━━━━━ Source records

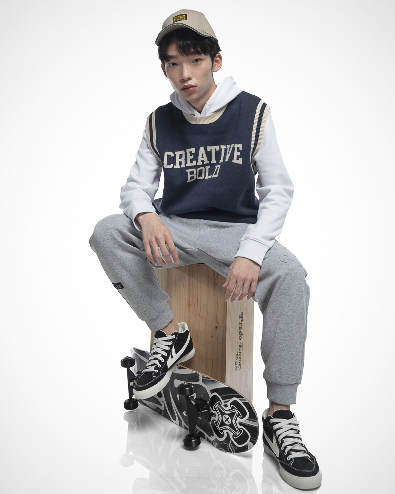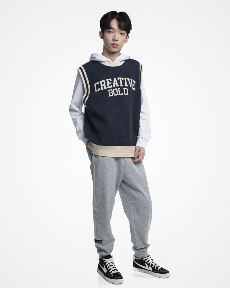 Regular Knitted Round Neck Varsity Vest With Asymmetrical Contrast Coloured Neckline and Hem. Comes with CREATIVE BOLD Slogan at the front. Made of cotton.
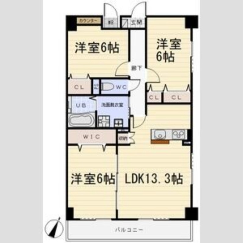 | 間取り詳細 | LDK 13.3畳 、 洋室 6畳 、 洋室 6畳 、 洋室 6畳 |
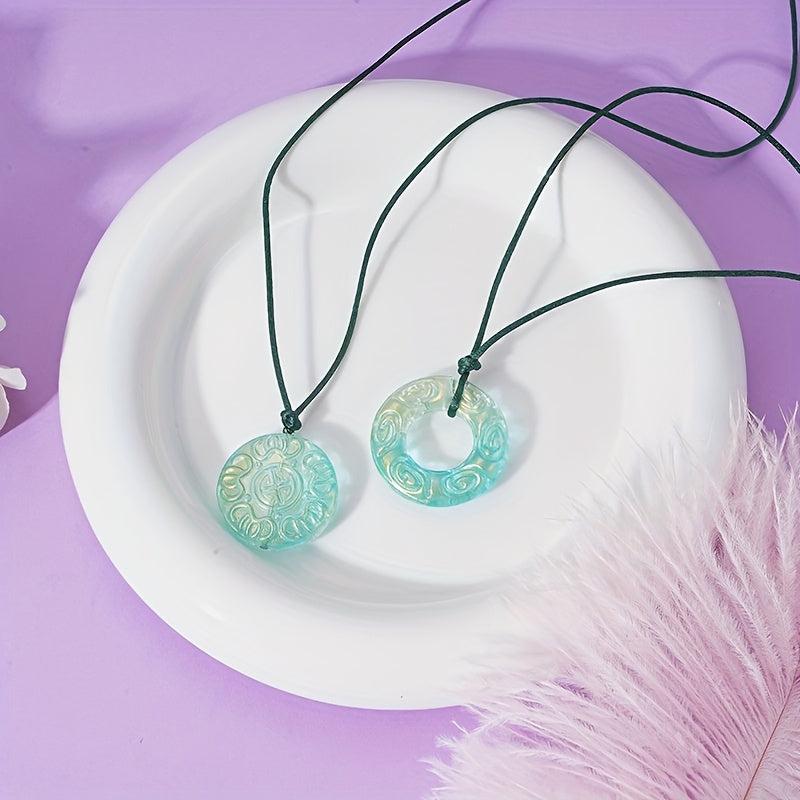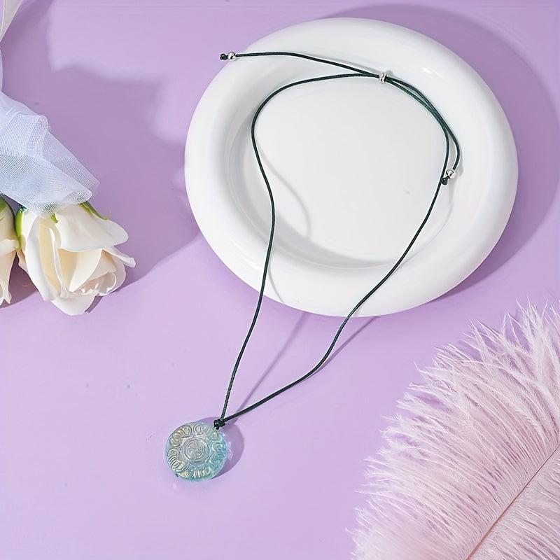 This stylish glass pendant necklace is a perfect accessory for daily wear or special occasions. It features a beautiful green circular pendant that adds a touch of elegance to any outfit. Great as a gift for St. Patrick's Day or Valentine's Day.
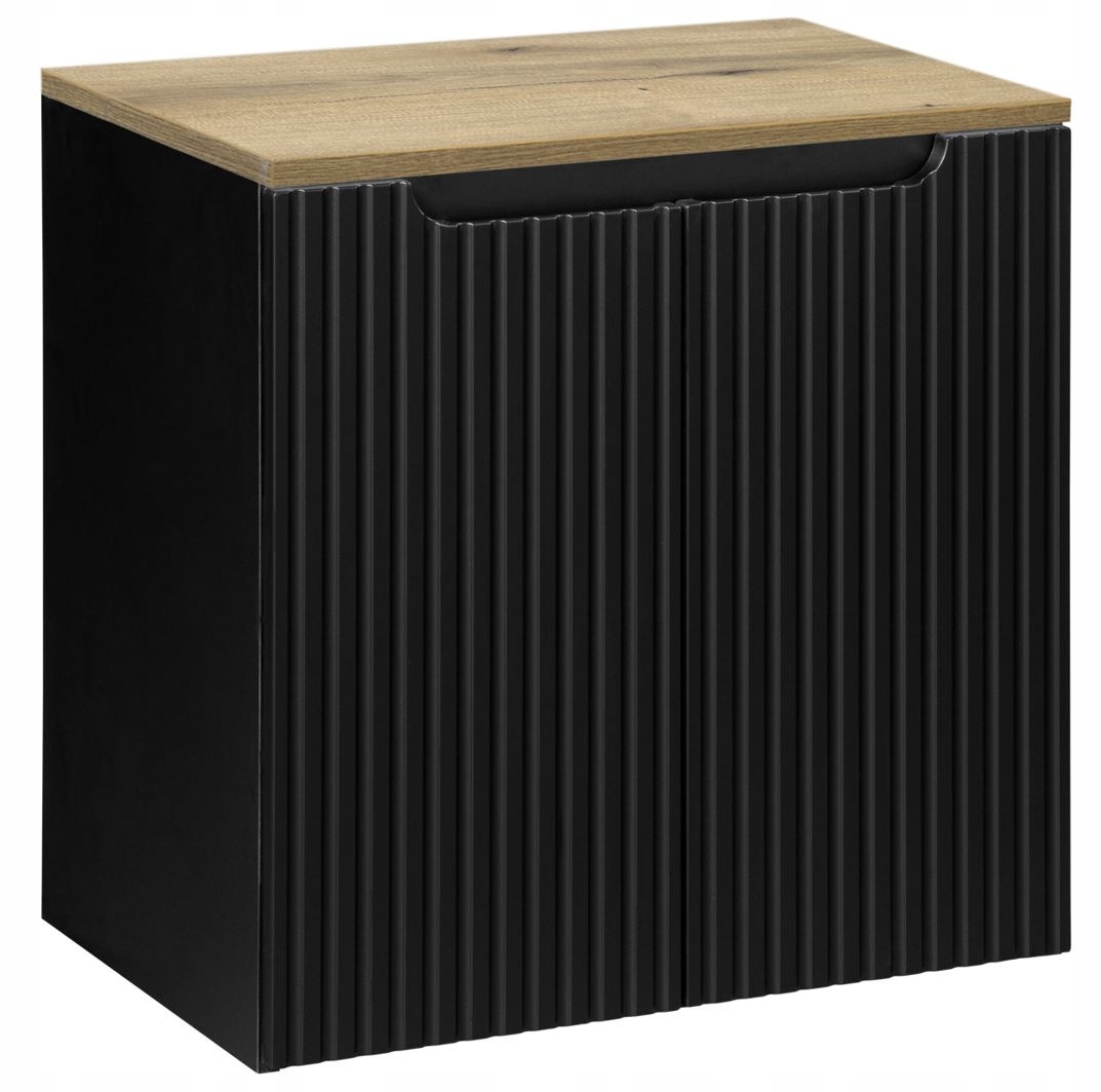Szafka pod umywalkę z kolekcji NOVA BLACK to kwintesencja nowoczesnej elegancji w kompaktowym rozmiarze, idealna do każdej łazienki, która wymaga stylowego i praktycznego rozwiązania. Ryflowane fronty i frezowane uchwyty nadają jej wyjątkowy, przyciągający uwagę charakter, podczas gdy konstrukcja wisząca pozwala zaoszczędzić miejsce i utrzymać porządek. Dzięki dwóm drzwiom i wygodnej półce wewnętrznej, szafka ułatwia organizację, zapewniając optymalną przestrzeń na przechowywanie akcesoriów łazienkowych.
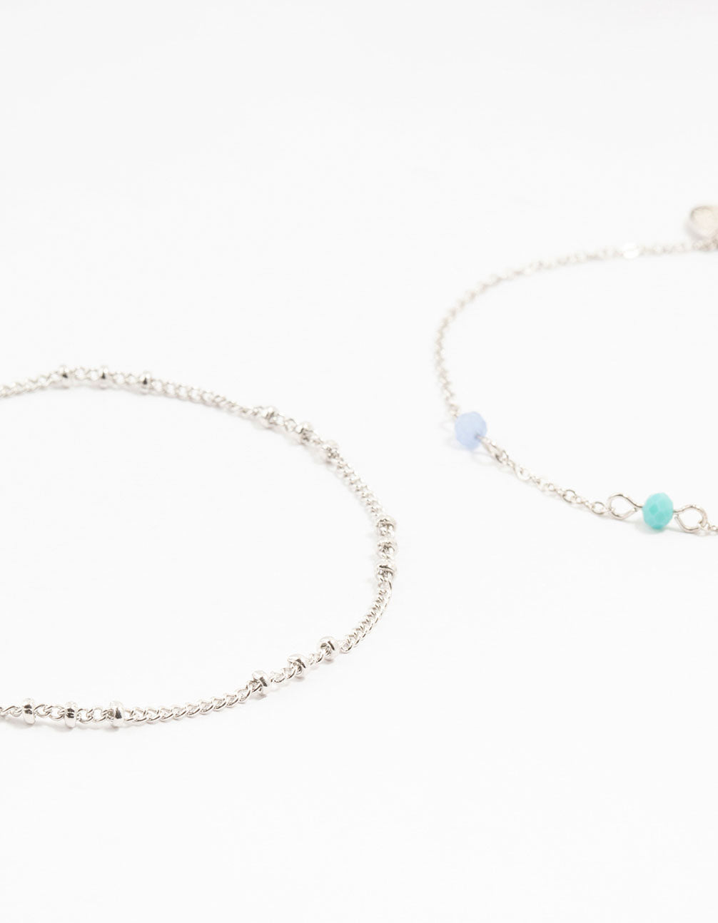 Two is always better for anklets. This set includes a dainty silver chain and a vibrant blue & purple chain, ideal for stacking and adding a playful touch to your summer style. Create effortlessly cool looks with these trendy anklets.
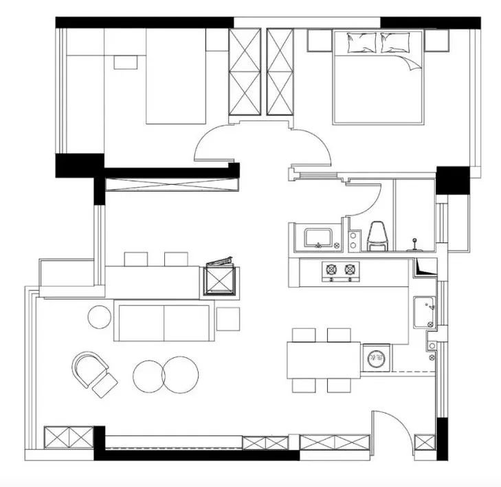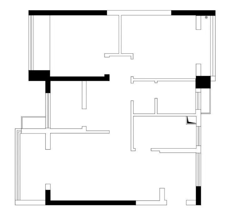 ▲通过原始结构图可见,户型格局很不好,每个空间也都显得非常的小,所以设计师把很多不需要的墙体拆除,多个空间相融合,及厨房,餐厅,客厅及书房打造出一个自由开放的空间,不仅采光上更好了,而且让家人之间的互动性更强。
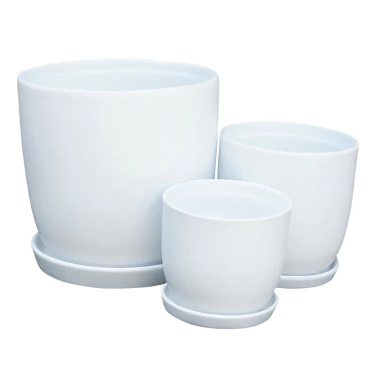 Soft white coloured stone pot. Single drainage hole in the bottom.
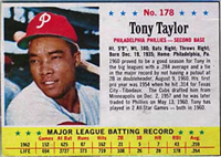 Over a two year period, Fleer issued another set utilizing the Baseball Greats theme. The 154-card set was issued in two series and features a color player portrait against a color background. The player's name is located in a pennant set at the bottom of the card. The card backs feature orange and black on white stock and contain player biographical and statistical information. The cards measure 2-1/2"by 3-1/2" in size. The second series cards (#'s 89-154) were issued in 1962.
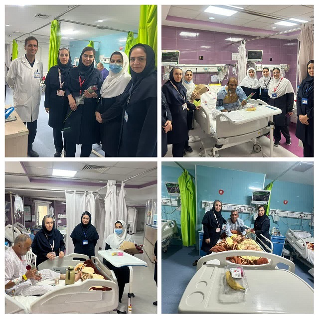 🔹در این بازدید صمیمی، ضمن تبریک این روز فرخنده، از تلاشهای شبانهروزی پرستاران در ارائه خدمات انسانی و حرفهای به بیماران تجلیل شد و با اهدای لوح تقدیر و هدایا از جمعی از پرستاران قدردانی بهعمل آمد.
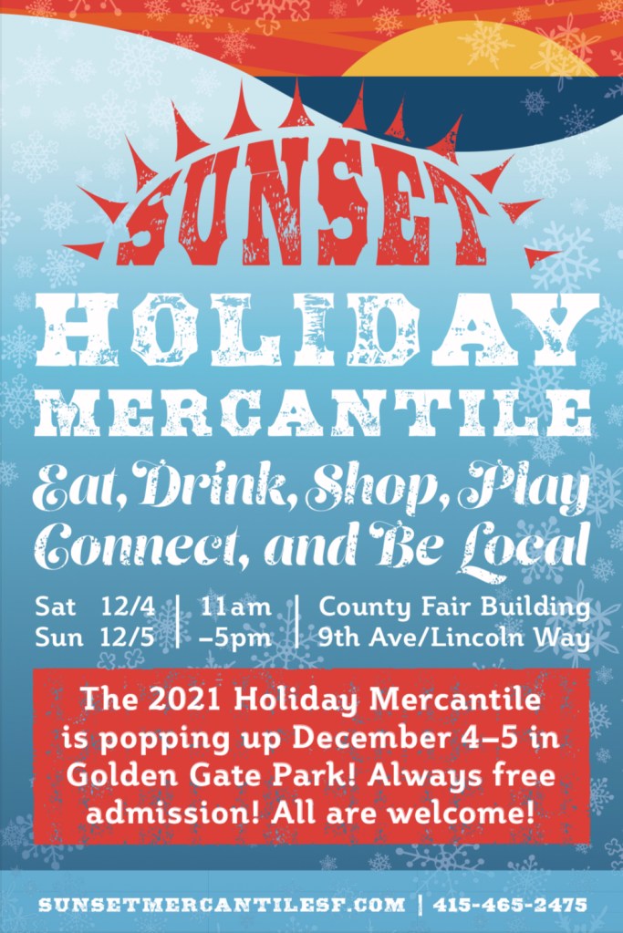 Come Eat, Drink, Shop, Play, Connect and Be Local December 4th-5th, 11 am-5 pm at the SF County Fair Building (9th Ave/Lincoln) in Golden Gate Park at our 6th Annual Sunset Holiday Mercantile featuring TWO DAYS of local makers, merchants, artists, food artisans, food trucks, oodles of children’s activities, live music, community causes, beer and wine tasting by Seven Stills, Sunset Reservoir and Siena wines plus so much more!
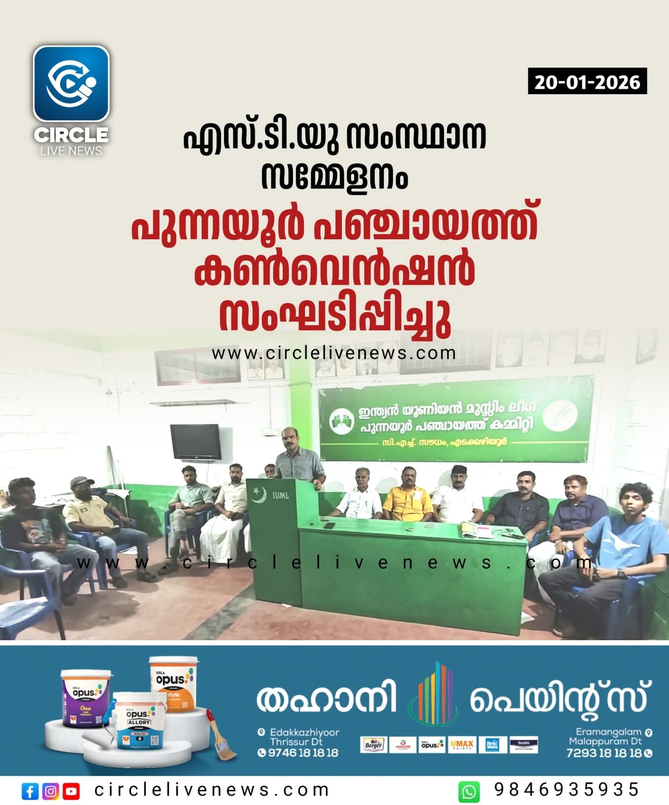 പുന്നയൂർ: ഫെബ്രുവരി 1,2 തിയ്യതികളിൽ കോഴിക്കോട് നടക്കുന്ന എസ്.ടി.യു സംസ്ഥാന സമ്മേളനം വിജയിപ്പിക്കുന്നതിനാവശ്യമായ പ്രവർത്തനങ്ങൾക്ക് രൂപം നൽകാൻ എസ്.ടി.യു പുന്നയൂർ പഞ്ചായത്ത് കൺവെൻഷൻ സംഘടിപ്പിച്ചു. മുസ്ലിം ലീഗ് പുന്നയൂർ പഞ്ചായത്ത് പ്രസിഡന്റ് പി.എ നസീർ ഉദ്ഘാടനം ചെയ്തു. മത്സ്യ തൊഴിലാളി ഫെഡറേഷൻ എസ്.ടി.യു സംസ്ഥാന സെക്രട്ടറി ഹംസകുട്ടി മന്ദലാംകുന്ന് അധ്യക്ഷത വഹിച്ചു.ന്യൂസ് പേപ്പർ ഏജന്റ്സ് ആൻ്റ് വിതരണ തൊഴിലാളി യൂണിയൻ എസ്.ടി.യു സംസ്ഥാന സെക്രട്ടറി അസീസ് മന്ദലാംകുന്ന്, മുട്ടിൽ ഖാലിദ്, ജലീൽ കാര്യാടത്ത്, ജിൻഷാദ് തേച്ചൻ, ഉസ്മാൻ മൂന്നയിനി എന്നിവർ സംസാരിച്ചു. എസ്.ടി.യു ഗുരുവായൂർ നിയോജക മണ്ഡലം ജനറൽ സെക്രട്ടറി അബ്ദുൽ സലീം കുന്നമ്പത്ത് സ്വാഗതവും മോട്ടോർ ആൻ്റ് എൻജിനിയറിങ്ങ് വർക്കേഴ്സ് യൂണിയൻ ഗുരുവായൂർ നിയോജക മണ്ഡലം വൈസ് പ്രസിഡന്റ് വി.എം റഹീം നന്ദിയും പറഞ്ഞു.

━━━━━━━━━━

Work to complete
Pictures in the entries do not go into the copy. Print only the lines starting at the one containing "Soft white coloured" and ending at the one containing "Come Eat, Drink, Shop, Play, Connect", exactly as they appear.

Completed exercise
 Soft white coloured stone pot. Single drainage hole in the bottom.
 Over a two year period, Fleer issued another set utilizing the Baseball Greats theme. The 154-card set was issued in two series and features a color player portrait against a color background. The player's name is located in a pennant set at the bottom of the card. The card backs feature orange and black on white stock and contain player biographical and statistical information. The cards measure 2-1/2"by 3-1/2" in size. The second series cards (#'s 89-154) were issued in 1962.
 🔹در این بازدید صمیمی، ضمن تبریک این روز فرخنده، از تلاشهای شبانهروزی پرستاران در ارائه خدمات انسانی و حرفهای به بیماران تجلیل شد و با اهدای لوح تقدیر و هدایا از جمعی از پرستاران قدردانی بهعمل آمد.
 Come Eat, Drink, Shop, Play, Connect and Be Local December 4th-5th, 11 am-5 pm at the SF County Fair Building (9th Ave/Lincoln) in Golden Gate Park at our 6th Annual Sunset Holiday Mercantile featuring TWO DAYS of local makers, merchants, artists, food artisans, food trucks, oodles of children’s activities, live music, community causes, beer and wine tasting by Seven Stills, Sunset Reservoir and Siena wines plus so much more!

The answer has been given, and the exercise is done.